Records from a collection
-- Opening Marker --

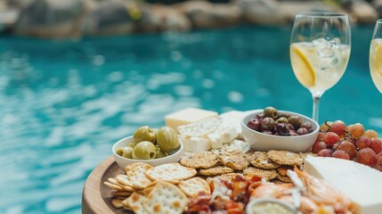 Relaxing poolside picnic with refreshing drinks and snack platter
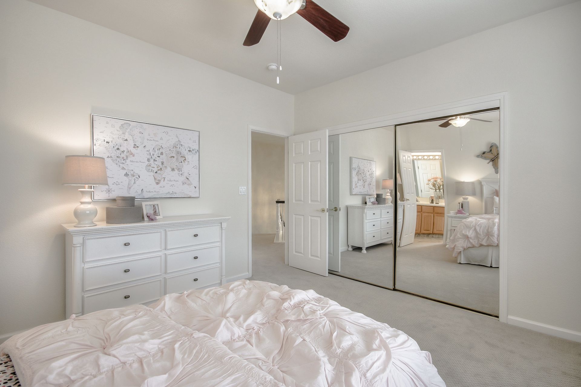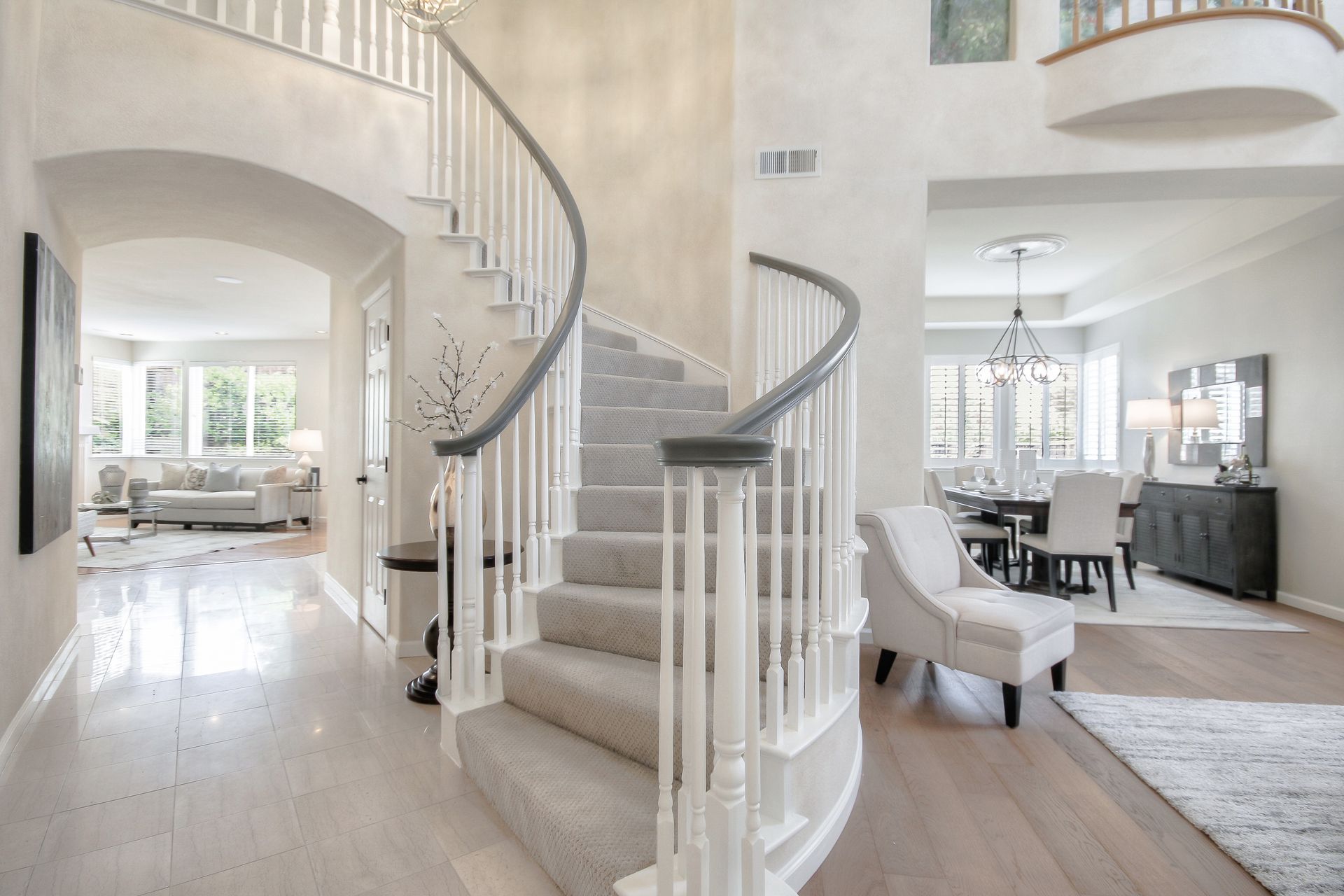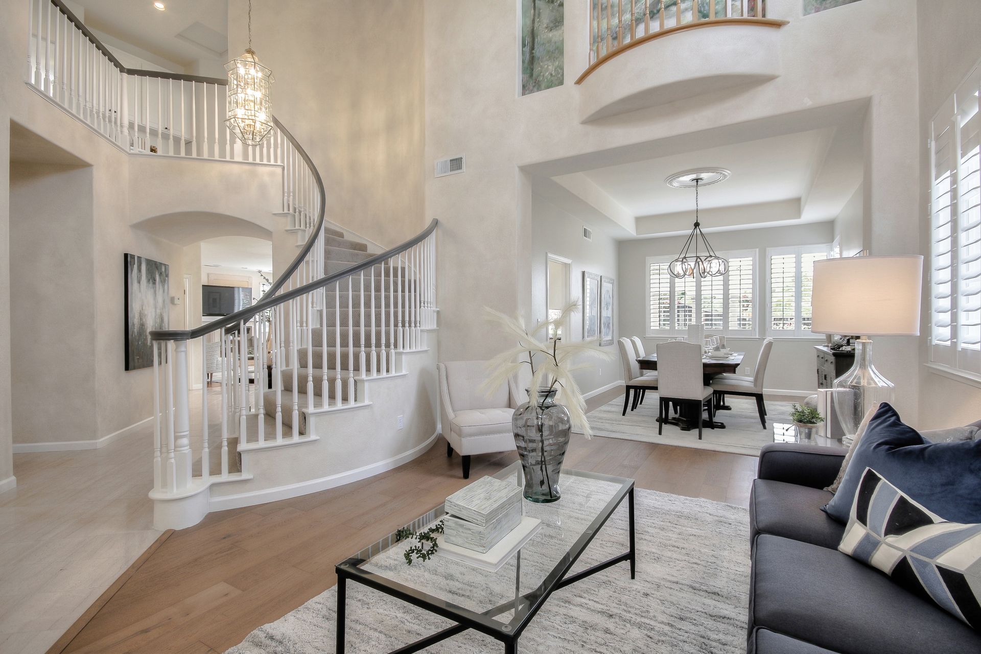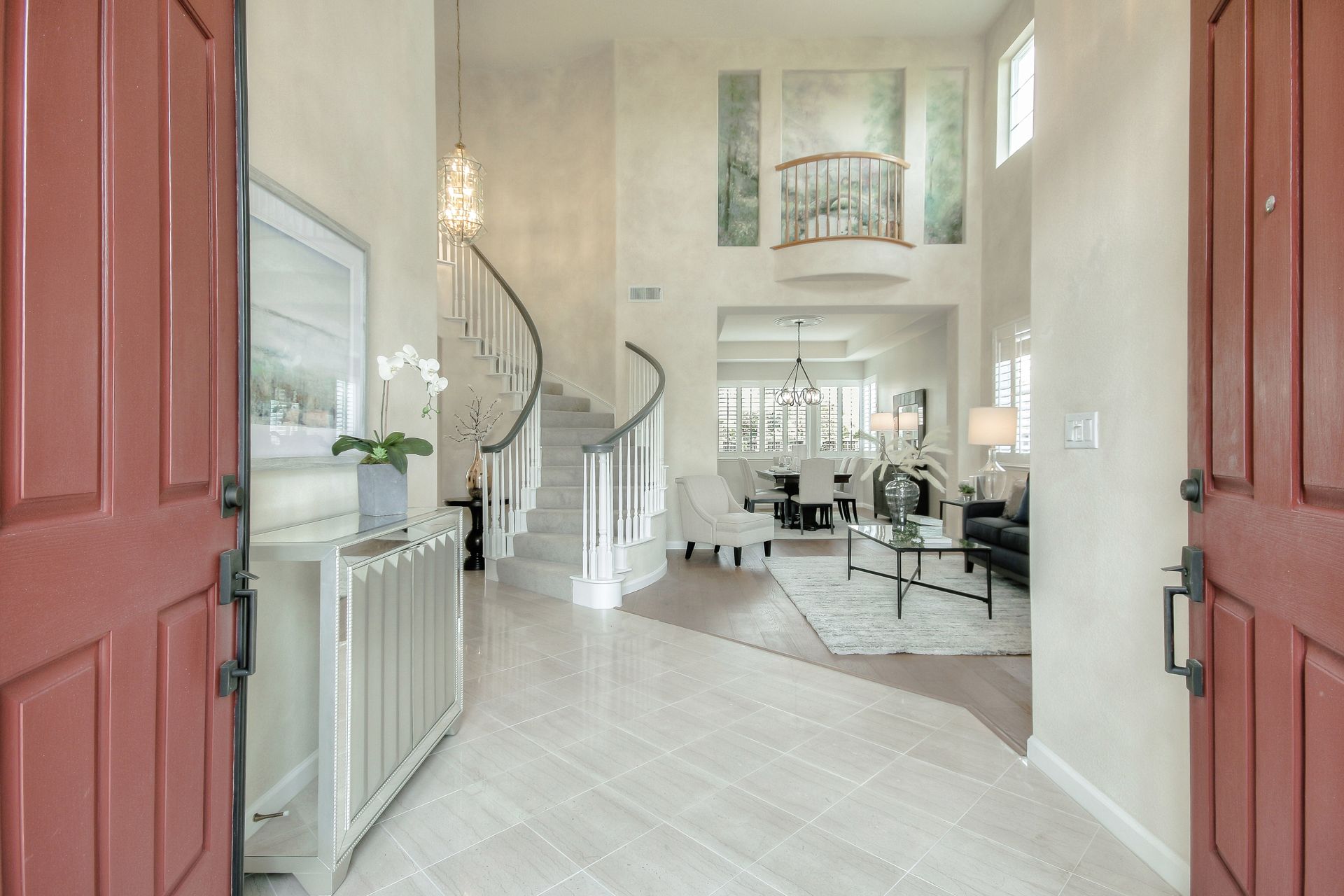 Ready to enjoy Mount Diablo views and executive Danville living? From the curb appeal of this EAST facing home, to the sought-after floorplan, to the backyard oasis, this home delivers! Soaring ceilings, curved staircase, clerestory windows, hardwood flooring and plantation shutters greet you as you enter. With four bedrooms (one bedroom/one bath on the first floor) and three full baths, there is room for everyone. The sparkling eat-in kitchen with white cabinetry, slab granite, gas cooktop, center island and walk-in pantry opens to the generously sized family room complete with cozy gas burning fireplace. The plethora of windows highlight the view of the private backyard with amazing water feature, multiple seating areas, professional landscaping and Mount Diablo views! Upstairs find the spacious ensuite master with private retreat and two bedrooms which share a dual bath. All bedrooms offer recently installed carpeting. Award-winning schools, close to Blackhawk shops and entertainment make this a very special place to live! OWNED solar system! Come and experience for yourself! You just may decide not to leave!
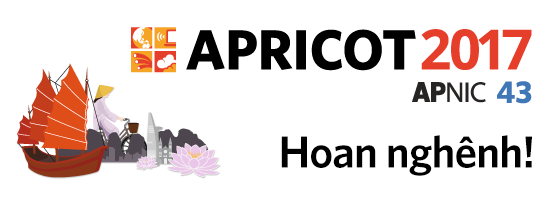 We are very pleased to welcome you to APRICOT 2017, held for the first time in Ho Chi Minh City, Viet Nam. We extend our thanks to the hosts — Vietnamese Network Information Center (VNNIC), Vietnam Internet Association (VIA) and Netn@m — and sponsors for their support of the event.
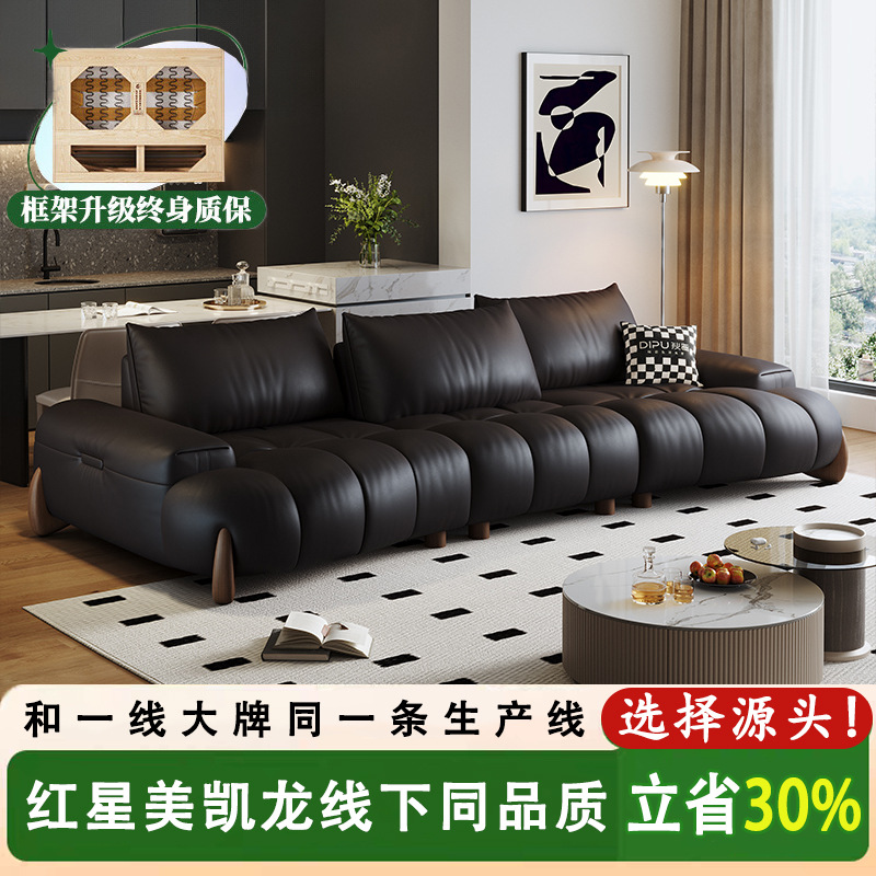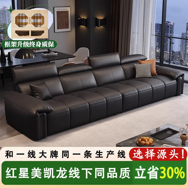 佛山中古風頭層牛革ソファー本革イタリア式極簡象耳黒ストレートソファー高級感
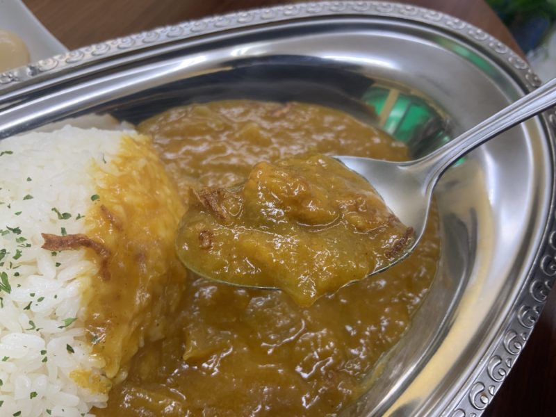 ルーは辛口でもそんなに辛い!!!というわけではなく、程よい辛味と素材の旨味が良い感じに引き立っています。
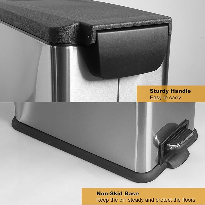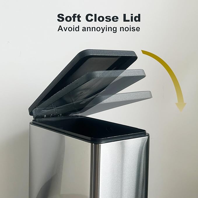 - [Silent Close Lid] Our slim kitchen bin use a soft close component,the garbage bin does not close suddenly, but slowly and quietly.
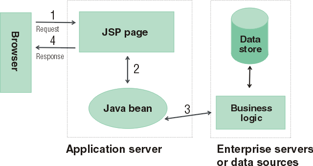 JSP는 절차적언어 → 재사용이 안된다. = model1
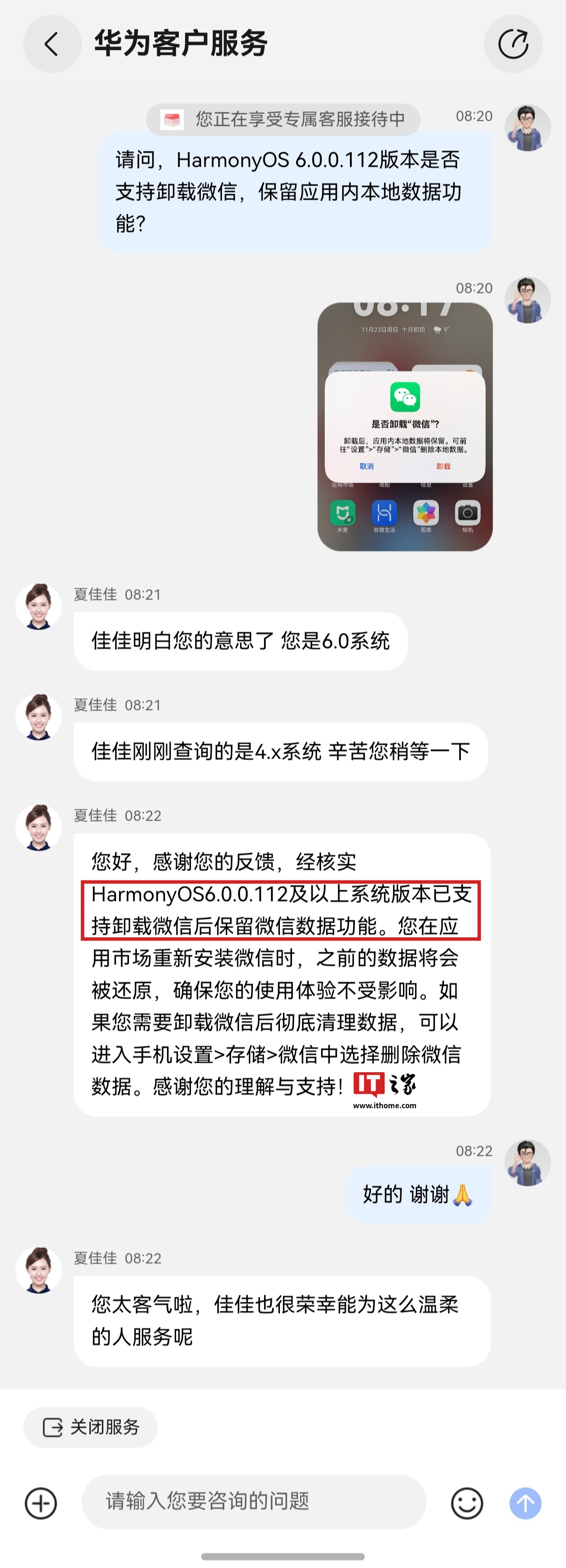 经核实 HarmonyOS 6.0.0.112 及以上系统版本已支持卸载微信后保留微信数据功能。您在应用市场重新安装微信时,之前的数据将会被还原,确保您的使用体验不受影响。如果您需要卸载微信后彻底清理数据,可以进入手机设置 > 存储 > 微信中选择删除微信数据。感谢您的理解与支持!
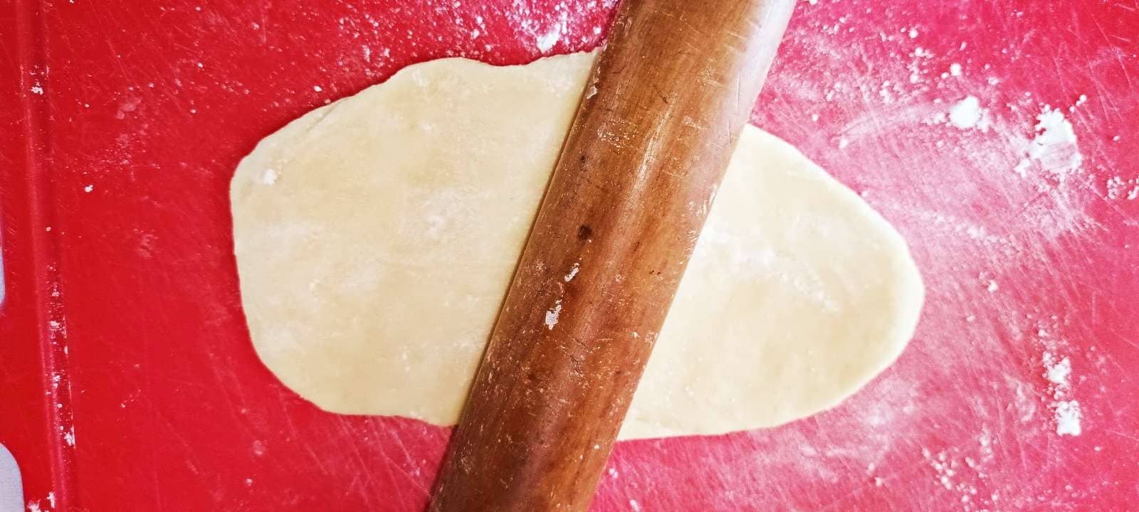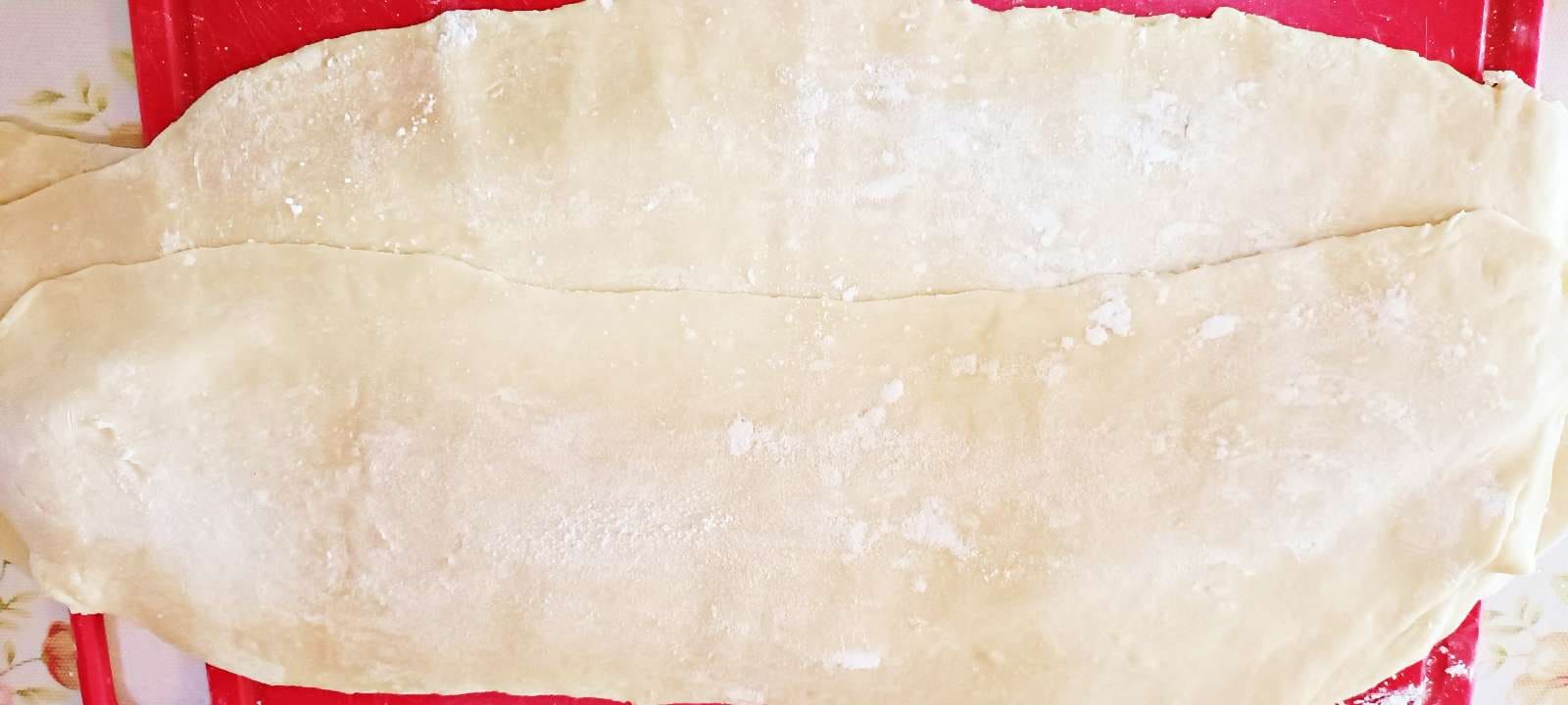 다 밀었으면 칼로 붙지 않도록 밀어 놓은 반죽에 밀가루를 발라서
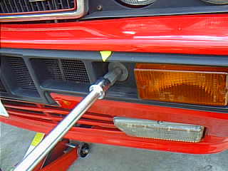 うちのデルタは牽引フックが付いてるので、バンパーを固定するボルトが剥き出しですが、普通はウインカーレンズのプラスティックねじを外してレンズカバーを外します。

-- Closing Marker --

What the task requires:
Repeat the records above verbatim, dropping the pictures.

Response box:
 Relaxing poolside picnic with refreshing drinks and snack platter
 Ready to enjoy Mount Diablo views and executive Danville living? From the curb appeal of this EAST facing home, to the sought-after floorplan, to the backyard oasis, this home delivers! Soaring ceilings, curved staircase, clerestory windows, hardwood flooring and plantation shutters greet you as you enter. With four bedrooms (one bedroom/one bath on the first floor) and three full baths, there is room for everyone. The sparkling eat-in kitchen with white cabinetry, slab granite, gas cooktop, center island and walk-in pantry opens to the generously sized family room complete with cozy gas burning fireplace. The plethora of windows highlight the view of the private backyard with amazing water feature, multiple seating areas, professional landscaping and Mount Diablo views! Upstairs find the spacious ensuite master with private retreat and two bedrooms which share a dual bath. All bedrooms offer recently installed carpeting. Award-winning schools, close to Blackhawk shops and entertainment make this a very special place to live! OWNED solar system! Come and experience for yourself! You just may decide not to leave!
 We are very pleased to welcome you to APRICOT 2017, held for the first time in Ho Chi Minh City, Viet Nam. We extend our thanks to the hosts — Vietnamese Network Information Center (VNNIC), Vietnam Internet Association (VIA) and Netn@m — and sponsors for their support of the event.
 佛山中古風頭層牛革ソファー本革イタリア式極簡象耳黒ストレートソファー高級感
 ルーは辛口でもそんなに辛い!!!というわけではなく、程よい辛味と素材の旨味が良い感じに引き立っています。
 - [Silent Close Lid] Our slim kitchen bin use a soft close component,the garbage bin does not close suddenly, but slowly and quietly.
 JSP는 절차적언어 → 재사용이 안된다. = model1
 经核实 HarmonyOS 6.0.0.112 及以上系统版本已支持卸载微信后保留微信数据功能。您在应用市场重新安装微信时,之前的数据将会被还原,确保您的使用体验不受影响。如果您需要卸载微信后彻底清理数据,可以进入手机设置 > 存储 > 微信中选择删除微信数据。感谢您的理解与支持!
 다 밀었으면 칼로 붙지 않도록 밀어 놓은 반죽에 밀가루를 발라서
 うちのデルタは牽引フックが付いてるので、バンパーを固定するボルトが剥き出しですが、普通はウインカーレンズのプラスティックねじを外してレンズカバーを外します。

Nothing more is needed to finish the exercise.